Handicap Parking in Oshkosh, WI Frustrates Drivers with Disabilities
Jan 28, 2013
A number of people in Oshkosh, Wisconsin are frustrated with the growing problem involving the area’s handicapped parking spaces. At popular grocery stores and retailers, such as Wal-Mart, people with a disabled parking sticker may have to drive around the lot for quite some time or park at the far end of the lot, because there simply aren’t enough spaces to go around.
“At times it’s discouraging because that means I have to park way out where there are no other cars around and then feel bad because I’m double-parked,” said Ginger Beuk, 44. “I’ve had notes left on my windshield from people asking me why I am taking two spaces.”
Beuk is not alone in her frustration.
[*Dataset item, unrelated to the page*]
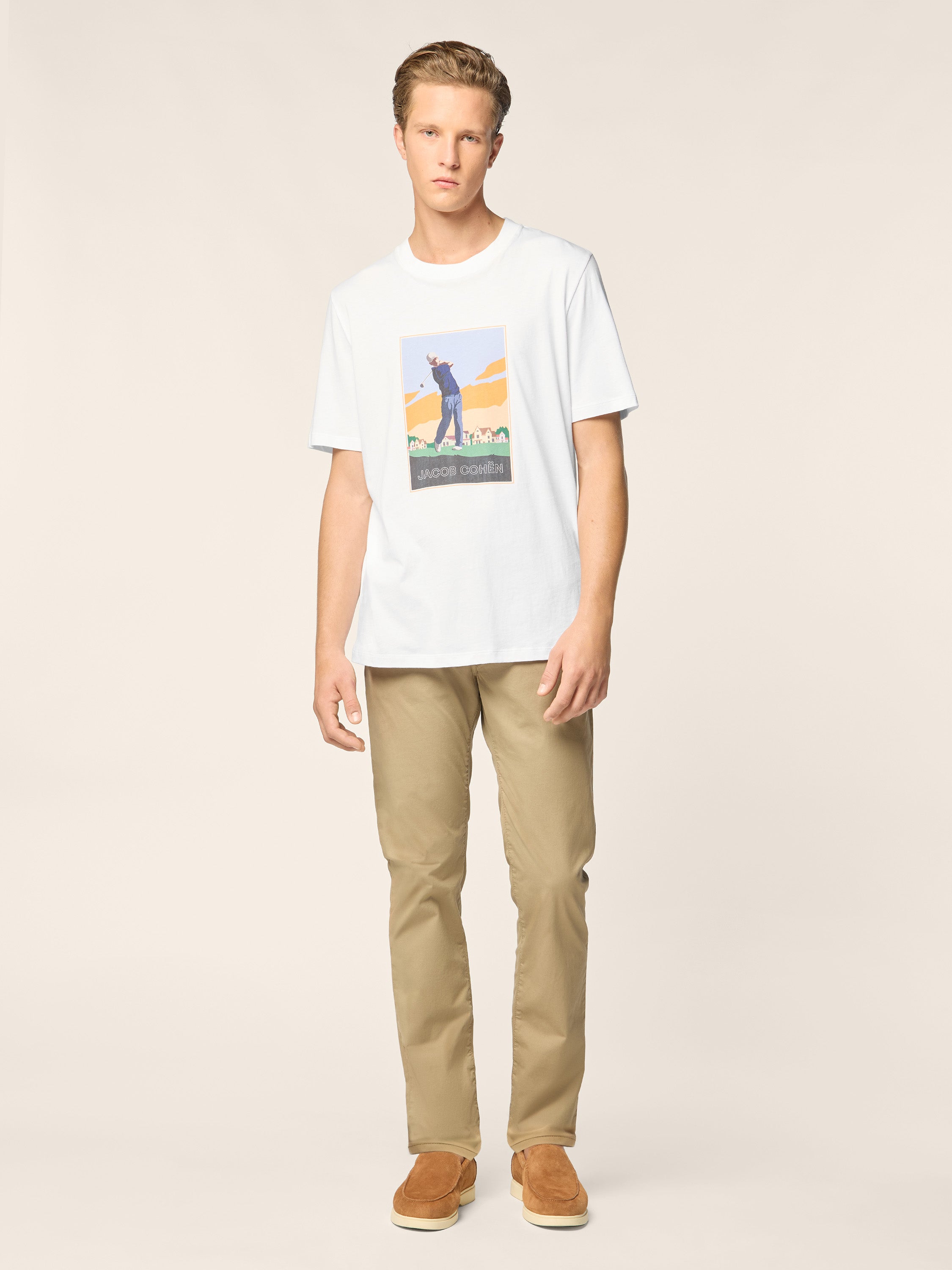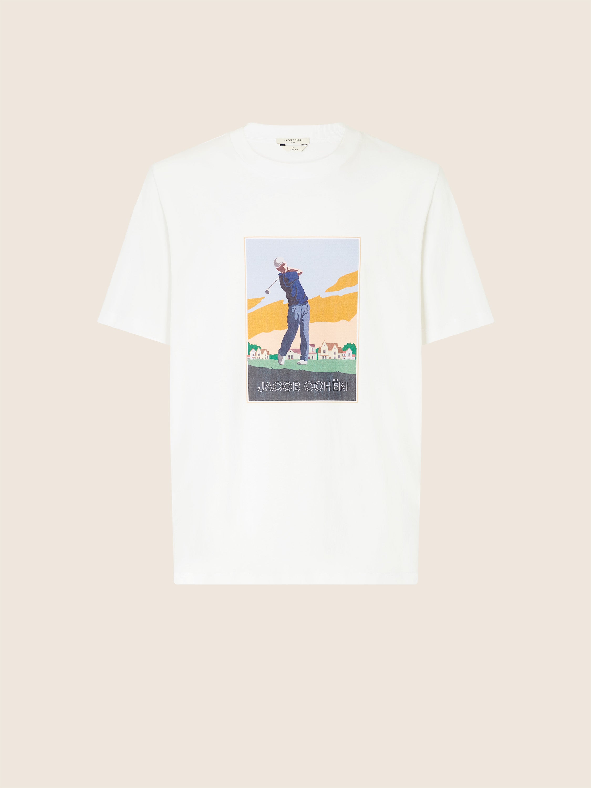 Jersey T-shirt in White Cotton with Multicolour Golf Print
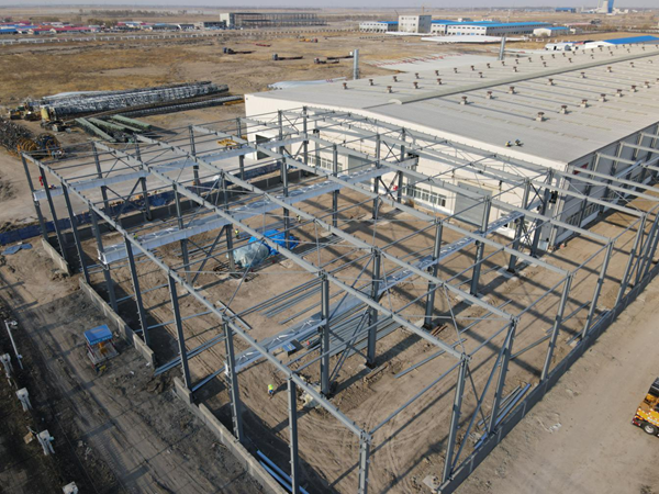 图为:三一零碳智造产业园项目叶片厂房主体结构已完成施工

The Americans with Disabilities Act of 1990 establishes guidelines regarding the number of parking spaces that must be marked for disabled parking-permit holders, but the number doesn’t seem to be enough in many cities and towns across the country.
Most people think that the problem is people who should not be using the spaces doing so illegally.
“It has been an issue in our state,” said Alicia Boehme, an advocate with Disability Rights Wisconsin, a private non-profit organization that works to ensure the rights of citizens with disabilities. “So much so that the legislature decided to address the issue in their last session.”
However, there is an even larger issue at play, one that has to do with demographics instead of abuse. All areas are seeing a huge influx of applications for disabled parking permits as the Baby Boom generation ages. To illustrate just how big of a challenge keeping up with demand has become, consider these statistics:
- In 2010, 140,766 permanent disabled parking permits were issued in Wisconsin, with an additional 35,969 six-month temporary permits.
- In 2011, both numbers increased by 2,000.
- Through August 2012, 100,108 permanent and 25,361 temporary permits have already been issued.
The American’s with Disabilities Act of 1990 requires that facilities with 26-49 parking spaces must have at least one spot reserved for disabled parking. Parking lots with 50-1,000 spaces must have 2% reserved, and lots with more than 1,000 must have 3% reserved. The problem is often more challenging for smaller retailers, who by law do not have to have any disabled parking spots if their lots have fewer than 26 total spaces.
Are you seeing similar problems in your city or town?